Question Is there any way to train models iteratively one-by-one?

Discussion in 'ML-Agents' started by xileFlex, Feb 10, 2023.

  1. xileFlex


    Oct 27, 2022
    USING ML-AGENTS(2.0.1)

    I am currently working on a project including two agents that work adversarially with each other. One agent works on generating the level while the other is trying to solve the level.

    Currently when I run a new training session, both models train in sync but the only one that learns and completes episodes is the solver because it's constantly trying new things whereas the level generator only completes an episode if the solver has progressed. So it takes a long time for the solver to train enough to progress and therefore the generator doesn't really get to do much. (The cumulative reward also get messed up for the generator as it doesn't have much chance to complete episodes).

    Therefore I would like to find a way to pause the training for the generator until the solver manages to progress and once the solver progresses, resume training for the generator and then pause it again once more of the level has been made.

    Is there any established way of doing this type of pause/resume training where I freeze one model and then unfreeze when I need it?
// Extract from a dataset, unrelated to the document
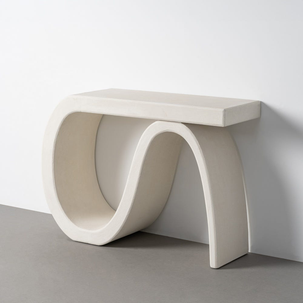 Nu este doar o consolă, ci o piesă care atrage privirea prin formă și liniștește spațiul prin culoare. Albul mat și liniile curbe creează o prezență calmă, aproape sculpturală, care schimbă modul în care este perceput întregul decor.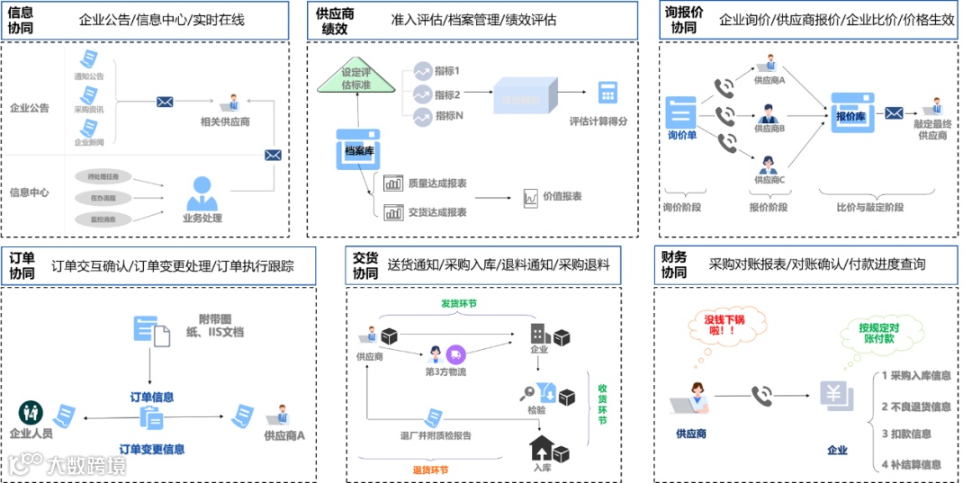 供应商协同,包含了信息协同,企业可以从供应商信息平台获取供应商产能,标准物料库存等信息;询报价协同,可以快速沟通获取报价,并进行比价;订单协同,对于需要生产的非标物料,可通过供应商共享信息,实时获取采购订单对应的加工进度等信息;交货协同,可快速识别送货单,扫码检验并入库。

    I have seen that people do SetActive(true) or SetActive(false) for preventing a model from running which I haven't tried yet however I'm not sure if that restarts the training or hinders it in any way.

    Another solution I could think of is heavily increasing the reward for the model that doesn't complete many episodes and possibly reducing the gamma hyperparameter for more impactful responses and focus on short term reward?

    I would love to hear anyones thoughts on this problem and if anyone has some innovative solutions that have gone over my head.

    (Both models are running on default hyperparameters at the moment and I have only worked on reward scaping so far).